Une réflexion sur la fin du livre
Dans le numéro de mars 1974 de la revue L’Art vivant, intitulé « Biblioclastes… bibliophiles », le sujet de la mort du livre est abordé à un moment clé en lien avec les transformations contemporaines. Les penseurs et créateurs du livre conjuguent la disparition annoncée du support imprimé avec l’événement idéologique ancien qu’est le biblioclasme.
Les œuvres marquantes et leur résonance
Les œuvres emblématiques, à savoir Fahrenheit 451 de Ray Bradbury, suivi de l’adaptation cinématographique de François Truffaut, ainsi que le roman d’Elias Canetti, Die Blendung (1935 ; traduit en anglais en 1946 sous le titre Auto-da-fe), sont mis en avant dans la revue. Elles illustrent les prémices d’une relation complexe et problématique avec le livre et le support imprimé.
L’importance de la fiction dans cette historicisation
Cependant, il est essentiel de questionner cette historicisation et d’examiner le rôle de la fiction.
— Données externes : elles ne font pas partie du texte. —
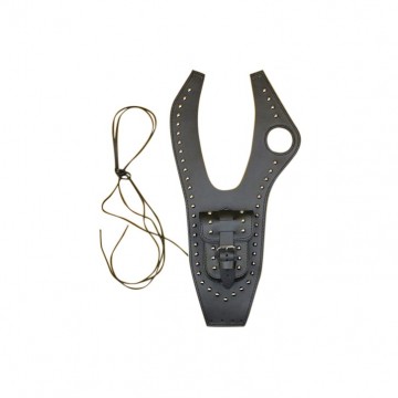 Bevestiging door middel van 2 lederen veters. (Deze worden erbij geleverd).

En effet, l’idée de la mort du livre pourrait être accompagnée de celle de l’incorporation du médium au sein même de l’individu. Néanmoins, la fiction semble davantage jouer avec ses propres supports, mettant en lumière les défaillances qui peuvent survenir.
À travers cette analyse, nous nous interrogeons sur la tension entre l’évolution des médias et la place de la littérature dans notre société moderne. Elle nous invite à réfléchir sur le devenir des livres et sur leur rôle face à une époque de plus en plus numérique.